Salomão Barbosa Ferraz (18 February 1880 - 09 May 1969) was a Brazilian Roman Catholic priest and bishop whose career took him through membership of several Christian denominations from the Presbyterian Church to the Roman Catholic Church.

==Biography==
Ferraz was born in Jaú, Brazil on February 18, 1880. Originally a Presbyterian minister, Barbosa Ferraz was ordained an Anglican priest in 1917. He founded an ecumenical society, the "Order of Saint Andrew", in 1928, and was instrumental in organising a 'Free Catholic Congress' in 1936.

At the close of this event he established a "Free Catholic Church" and was elected as the church's first bishop. The Second World War halted his plans to be consecrated bishop by European Old Catholics, but Salomão Barbosa Ferraz was eventually consecrated by Carlos Duarte Costa following this bishop's excommunication by the Vatican in 1945. Barbosa Ferraz was also a member of Freemasonry.

Salomão Barbosa Ferraz in turn consecrated Manoel Ceia Laranjeira for the Free Catholic Church of Brazil in 1951, but sought reception into the Roman Catholic Church, which he achieved under Pope John XXIII, leaving Manoel Ceia Laranjeira at the head of the Free Catholic Church, then renamed the Independent Catholic Apostolic Church in Brazil.

In 1959, Ferraz was received into the Roman Catholic Church.

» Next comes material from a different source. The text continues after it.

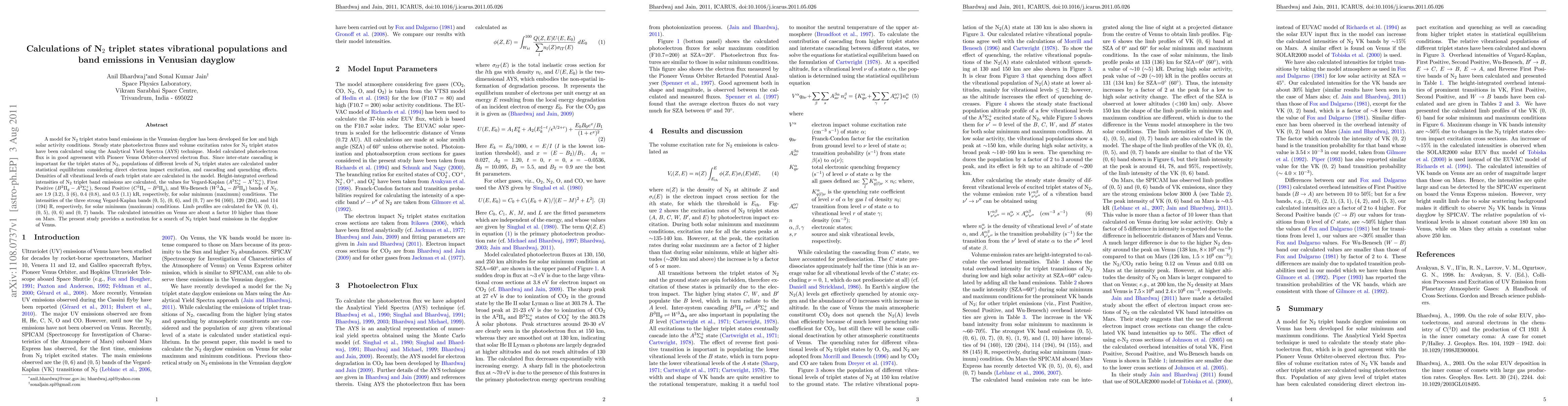 This paper develops a model for N2 triplet states band emissions in the Venusian dayglow, calculating vibrational populations and emissions under varying solar activity. The results show intensities for several N2 bands that are significantly higher than on Mars, suggesting a strong dayglow on Venus.

His reception met with some resistance and confusion in Rome, where it had been assumed that he was widowed or chaste. He was eventually named titular bishop of Eleutherna in 1963 and took part in the Second Vatican Council. Bishop Ferraz died in 1969, leaving a wife and seven children.

Ferraz was a rare example of a legally accepted married bishop in the modern Roman Catholic history.